Queste immagini nascono come puntigliosa traduzione grafica di vecchie fotografie. La fotografia (ce lo ha insegnato Barthes) blocca l’istante. Sarchiapone, con la sua operazione, vuole ancora piu congelare una antichissima memoria di cui sopravvivono (appunto congelati per sempre) pochi lembi. Mi chiedo il perche di questa operazione che si presenta con i tratti nitidi di una tecnica usata con pertinenza, quella dell’acquaforte.
Nella vecchia foto puo precipitare un’amalgama di fantasie, associazioni, personali annotazioni visive e mentali. Mi e capitato anni fa di “usare“ lo stesso patrimonio iconografico, pazientemente raccolto da Pasquale De Antonis, grandissimo fotografo. Per circa un anno sono vissuto nella vecchia Pescara, tra il Forno di FIaiano e l’Arco di Portanova; uno spazio ristretto, minimo, che diventava gigantesco e mitico. Leggevo d’Annunzio, leggevo vecchie “ingenue“ fonti come le straordinarie memorie di Valentino Cannella o gli affreschi di Romeo Tommolini. Ricordavo Flaiano che mi parlava di questa Pescara che aveva fatto in tempo a vedere, con la madre del poeta in perenne attesa alla finestra “nobile, bianca, infelice”.
Da dove nasce la profonda suggestione della materia, di ricordi che non appartengono ne alla mia generazione ne (penso) a quella di Sarchiapone?
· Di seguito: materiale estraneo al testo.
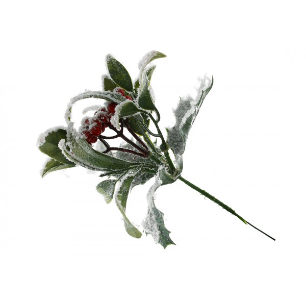 Гілка декор. 20см засніжена з листям та червоними ягодами №839-555/Bonadi/

Proprio in quella sorta di incrocio tra una singolare unita comunitaria, una contrada (un’altro scrittore abruzzese, Silone, ha creato una sorta di mitologia della sofferenza irriscattabile della contrada) e quella rovinosa e straripante fantasia creativa di d’Annunzio che aveva tutto dissanguato, diluito, elaborato.
Le fotografie sono il dato di partenza. Ma anche segnano I’approdo di ogni tragitto intellettuale e creativo.
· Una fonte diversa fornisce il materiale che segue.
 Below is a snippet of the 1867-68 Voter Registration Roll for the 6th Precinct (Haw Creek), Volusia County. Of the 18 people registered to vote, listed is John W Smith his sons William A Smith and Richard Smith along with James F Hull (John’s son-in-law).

In ogni caso sono questi i segni (pochi, casualmente sopravvissuti) con cui dobbiamo fare i conti.
Ora pero posso rispondere alla domanda che mi sono fatto. Sarchiapone ha voluto ritualizzare la propria ossessione.
L’ossessione era quella che lo attraeva irresistibilmente verso quelle immagini in cui sentiva depositata una sua profonda, insondabile nostalgia. Quando si e posseduto da un simile demone, bisogna assecondarlo.
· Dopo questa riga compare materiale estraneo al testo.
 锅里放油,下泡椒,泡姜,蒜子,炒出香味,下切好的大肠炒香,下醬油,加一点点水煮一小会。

Come? Con il ricalco dell‘antica foto: tanto piu esaltato e il calco, tanto piu la distanza si moltiplica all’infinito. L’ossessione vuole fissare il suo oggetto d’amore nella sua forma definitiva: appunto per sempre irraggiungibile. E ha bisogno della ritualila della ripetizione. Proprio come l’innamorato che ripete alla lettera (con un’acrimonia filosofica che puo sbalordire) le litanie dell’incontro e le crudelta dell’addio.
(Catalogo Mostra “50° Anniversario della morte di d’Annunzio”,
Casa d’Annunzio, Pescara 1988 – Il Vittoriale degli Italiani, Gardone Riviera 1989)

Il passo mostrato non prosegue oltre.